= Kenmore Bypass =

Proposed road in Queensland, Australia

The Kenmore Bypass is a proposed 3.3 km arterial road in Brisbane, Australia, which would directly link Moggill Road in Pullenvale to the Centenary Motorway in Fig Tree Pocket. If constructed, the road would make use of a corridor that has been preserved since the 1960s. The bypass is Stage 1 of the planned Moggill Pocket Arterial Road.

==Moggill Pocket Arterial Road==
The Kenmore Bypass is proposed as Stage 1 of the Moggill Pocket Arterial Road, also known as the Moggill—Warrego Highway Connection. The road is proposed to run from the Centenary Motorway in Fig Tree Pocket to the Warrego Highway in North Tivoli, via the suburbs of Kenmore, Pullenvale, Anstead and Karalee.

==Benefits==
The proposed bypass is designed to alleviate congestion along Moggil Road during peak commuting hours.

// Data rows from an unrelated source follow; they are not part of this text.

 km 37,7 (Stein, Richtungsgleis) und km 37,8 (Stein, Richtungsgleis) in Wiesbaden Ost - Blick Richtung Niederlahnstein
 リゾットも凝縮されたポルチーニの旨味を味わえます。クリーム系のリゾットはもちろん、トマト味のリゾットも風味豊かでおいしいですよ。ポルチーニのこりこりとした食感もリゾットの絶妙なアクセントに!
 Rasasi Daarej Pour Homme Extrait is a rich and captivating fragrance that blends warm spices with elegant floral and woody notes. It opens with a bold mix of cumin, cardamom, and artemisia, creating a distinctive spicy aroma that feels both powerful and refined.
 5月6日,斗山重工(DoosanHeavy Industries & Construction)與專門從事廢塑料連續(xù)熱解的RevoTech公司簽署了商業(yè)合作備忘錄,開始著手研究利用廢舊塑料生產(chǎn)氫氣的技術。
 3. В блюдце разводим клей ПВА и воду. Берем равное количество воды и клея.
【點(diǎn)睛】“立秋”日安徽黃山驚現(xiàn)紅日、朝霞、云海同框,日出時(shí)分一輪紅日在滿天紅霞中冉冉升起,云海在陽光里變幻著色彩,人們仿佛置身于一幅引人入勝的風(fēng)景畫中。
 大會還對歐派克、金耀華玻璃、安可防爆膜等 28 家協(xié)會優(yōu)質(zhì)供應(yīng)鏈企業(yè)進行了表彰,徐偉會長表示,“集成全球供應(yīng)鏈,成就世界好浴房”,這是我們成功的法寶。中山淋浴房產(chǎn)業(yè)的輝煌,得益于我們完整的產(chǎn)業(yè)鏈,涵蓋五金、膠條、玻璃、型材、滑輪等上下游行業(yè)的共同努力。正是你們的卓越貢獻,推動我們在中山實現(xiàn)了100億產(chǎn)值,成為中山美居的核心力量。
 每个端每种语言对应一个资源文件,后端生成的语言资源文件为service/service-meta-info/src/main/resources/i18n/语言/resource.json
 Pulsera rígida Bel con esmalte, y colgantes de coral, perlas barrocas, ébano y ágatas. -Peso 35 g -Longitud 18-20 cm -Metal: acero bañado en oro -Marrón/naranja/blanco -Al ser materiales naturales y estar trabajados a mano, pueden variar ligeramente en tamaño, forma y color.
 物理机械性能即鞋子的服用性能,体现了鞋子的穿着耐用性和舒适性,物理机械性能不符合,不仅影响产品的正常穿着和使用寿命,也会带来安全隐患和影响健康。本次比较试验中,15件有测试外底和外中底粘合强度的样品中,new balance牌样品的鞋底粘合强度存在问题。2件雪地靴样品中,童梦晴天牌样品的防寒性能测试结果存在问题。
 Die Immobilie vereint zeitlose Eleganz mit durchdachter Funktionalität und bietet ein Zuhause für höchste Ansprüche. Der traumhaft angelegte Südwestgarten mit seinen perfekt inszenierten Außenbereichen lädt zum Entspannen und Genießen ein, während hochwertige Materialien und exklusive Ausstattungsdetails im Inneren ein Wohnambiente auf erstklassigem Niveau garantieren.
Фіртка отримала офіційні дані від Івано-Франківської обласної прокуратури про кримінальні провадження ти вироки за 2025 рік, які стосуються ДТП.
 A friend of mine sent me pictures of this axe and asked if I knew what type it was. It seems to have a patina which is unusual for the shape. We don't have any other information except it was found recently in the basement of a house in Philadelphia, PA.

The Kenmore Bypass Preliminary Feasibility Study concluded that a Kenmore Bypass would:
- Provide a 3 km alternative road for the congested Moggill Road;
- Cater for an estimated 25,000 vehicles per day in 2026;
- Reduce rat running;
- Avoidance of two schools and two retail zones in Kenmore and 13 sets of traffic lights;
- Improve public transport on Moggill Road and
- Enhance bicycle commuting connectivity between the Kenmore and the Centenary Motorway cycleway.

==Planning process==
The planning process, based on community feedback, looked at a range of options and more in-depth technical investigations.

===Consultation===
The Bypass has divided local residents and has been subject of extensive community planning to ensure the needs and opinions all residents are considered. The Kenmore Bypass Consultation report, that involved three stages and two additional interim consultation periods, received a total of 7,859 submissions between April 2008 and November 2009. The report highlighted the public issues regarding the Bypass, namely:
- Supportive of project (Stage 1) – 12.65%*
- Opposed to project (Stage 1) – 12.17%*
- Existing traffic issues: congestion – 7.22%
- Alternatives: Bellbowrie Bridge – 3.02%
- Public transport – 3%
- Moggill Road – 2.8%
- Future traffic issues: congestion – 2.49%
- Moggill Road intersection: travel in direction of Brisbane City – 2.07%
- Existing traffic issues: Public transport – 1.92%
- Environment: Loss of greenspace – 1.87%
- 'Other' issues accounted for 50.8% of the feedback received, including issues such as noise, land value and fauna.

===Design===
Design options have been published relating to:
- Moggill Road Intersection (options A & B),
- Gem Road to Kenmore Road and
- Centenary Motorway Interchange (options A & B and Fig Tree Pocket A & B).

==Current status==

The decision to proceed with the Kenmore Bypass rests with the Government of Queensland whose responsibility it is to assess the affordability and priority of the project. Currently there is no decision or funding to build a Kenmore Bypass.

The Moggill Pocket Arterial Road corridor, as determined by the Western Brisbane Transport Network Investigation, will not be required under the land use projections in the South East Queensland Regional Plan, but remains as an important future corridor.